Las contradicciones en la política lingüística estatal revelan constantemente en las diferentes regiones la asignatura pendiente de las Españas, para aceptarse a sí mismas, frente al espejo de lo heterogéneo, donde se refleja como una nación única, gracias a la variedad de sus influencias históricas y al crisol de identidades que en nuestros días la integran.
                   Andalufobia: apuntar alto para golpear abajo*
Se ha convertido en otro de los clásicos del confinamiento. Cada rueda de prensa de Mª Jesús Montero, portavoz del Gobierno, viene acompañada de una avalancha de tweets, comentarios de tertulianos y hasta artículos de prensa que hacen mofa del acento de la ministra sevillana o afirman sentirse ofendidos por su habla. La andalufobia en el contexto de los medios de comunicación no es nada nuevo, por desgracia, como no es nuevo el intento de maquillarla diferenciando, como decía Arturo Pérez-Reverte esta misma semana en un tweet, el «acento andaluz» de «la vulgaridad y bajunería expresiva».

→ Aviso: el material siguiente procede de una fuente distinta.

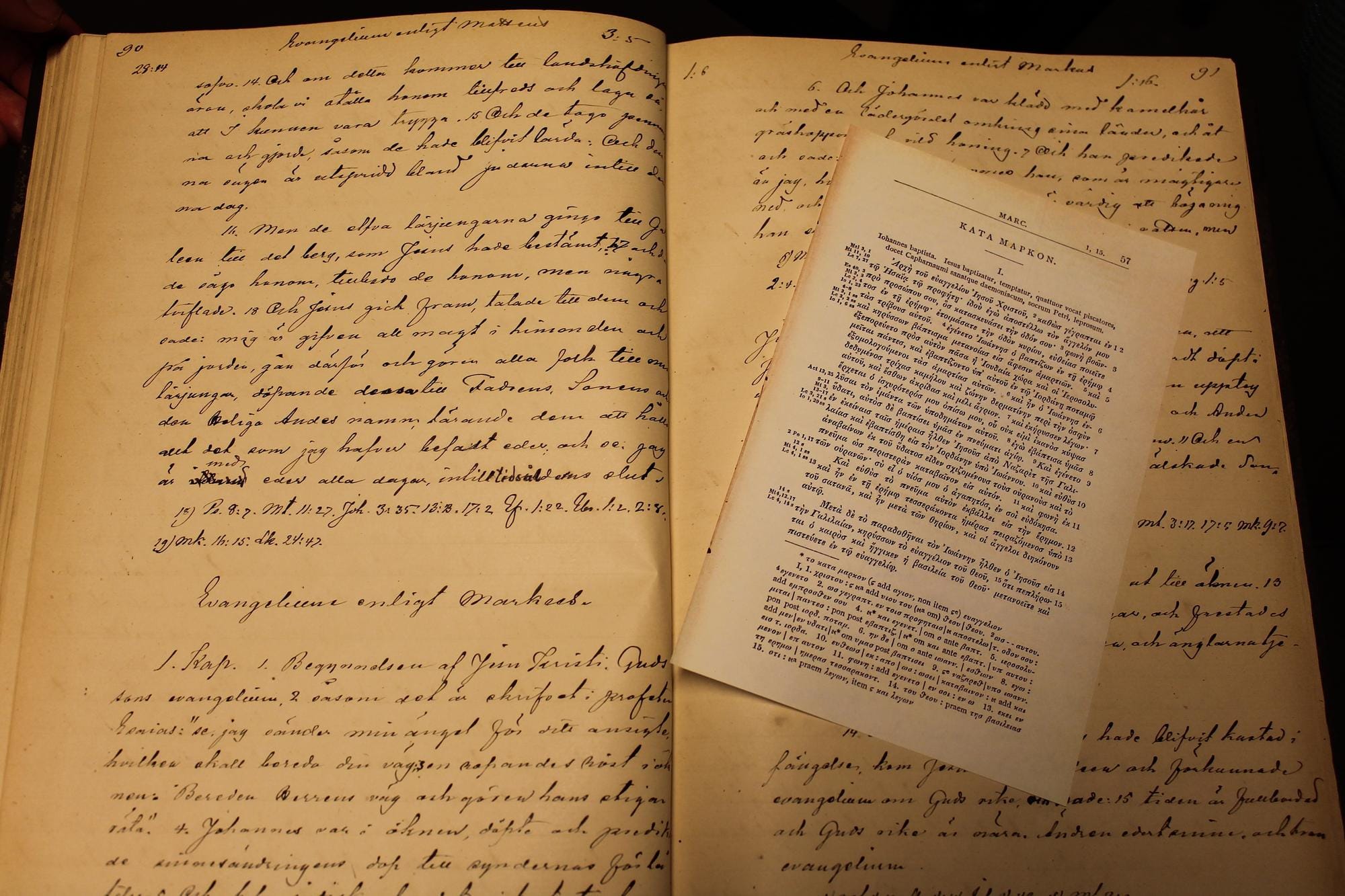 Bland biblarna gjordes ett ”fynd” för en tid sedan. Vi hittade en inbunden handskriven översättning av Nya Testamentet. På försättsbladet har översättaren noga angett sin förlaga. Han har utgått från Konstantin von Tischendorfs utgåva av det på grekiska skrivna Nya Testamentet i den åttonde upplagan.
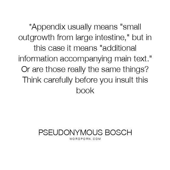 *Appendix usually means "small outgrowth from large intestine," but in this case it means "additional information accompanying main text." Or are those really the same things? Think carefully before you insult this book
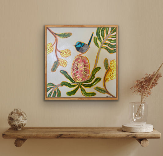 Kate has been creating and selling her unique nature-inspired artwork since 1997. Her work is a poetic exploration of balance and harmony, creating a sense of freedom and playfulness. Colour, form, pattern and texture are interwoven to create her dynamic pieces. Her diverse style includes abstracts, landscapes and semi-abstracted native floral and bird paintings.
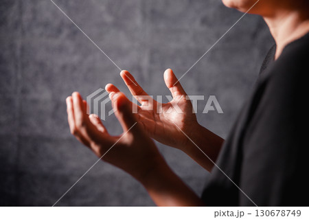 Christian woman lifts her hand in worship to pray, hope, faith, and deep belief in God defines core concept of religion. Praying hands with faith in religion, belief in God. Power of hope or love.
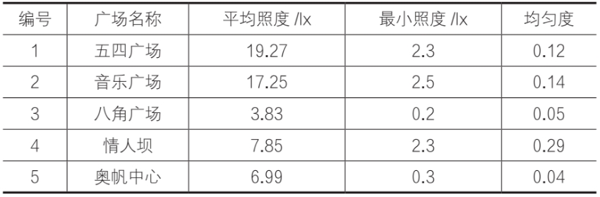 表4 调研广场水平照度
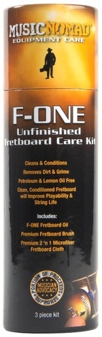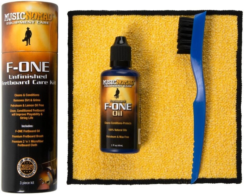 Et renset og fugtmættet gribebræt forbedrer ikke kun spilbarhed og strengenes levetid, men også det ubehandlede gribebræts sundhed ved at forhindre det i at tørre og revne. MusicNomads F-ONE Unfinished Fretboard Care Kit indeholder alt hvad du behøver for at rengøre og fugte dit ubehandlede gribebræt. F-ONE Oil er formuleret ved hjælp af en kompleks blanding af de fineste ultraraffinerede træ- og frøolier som renser, plejer og beskytter. Produktet indeholder ingen citronolieekstrakter, voks, petroleumsdestillater, silikone eller vand. Den innovative 2 'n 1 mikrofiberklud er tosidet. Den ene side er blød til skånsom påføring og rengøring med F-ONE, mens den anden side er designet med små skrubbere, der er vævet ind i stoffet så de trænger ind og løfter snavs ud af gribebrættet. Den specialdesignede gribebrætbørste er det perfekte værktøj til præcisionsrensning og vedligehold omkring båndene og dybere træporer. Med et "V-Cut" børstehårdesign og en ekstra plastskraber er du helt klar til at give dit gribebræt den totale spa-behandling, den fortjener. MusicNomad høæver barren inden for udstyrspleje.

No deja de sorprender, sin embargo, la facilidad con que dichos argumentos penetran incluso en las intervenciones de periodistas andaluces. Por ejemplo, el pasado 22 de abril, Carlos Navarro Antolín, subdirector del Diario de Sevilla, se mofaba en las páginas de su periódico del acento de la ministra:
[…] Pero al final el Ejecutivo se rajó. Y ha dado una suerte de barra libre con la condición de que los menores vayan con «adurtos», que es como se refiere la ministra Montero a los mayores de edad. Está claro que no es lo mismo un adulto que un «adurto».
Ante tales declaraciones, uno se imaginaría a su autor como un perfecto castellanohablante con una entonación tan neutra como la de Ana Blanco en su locución del Telediario 1. Basta, sin embargo, buscar alguna intervención del señor Navarro Antolín en televisión, como ésta en Trece TV -cómo no- para comprobar que no es así. ¿Será que el señor Navarro escucha adurto en la voz ajena y nunca arcarde en la propia?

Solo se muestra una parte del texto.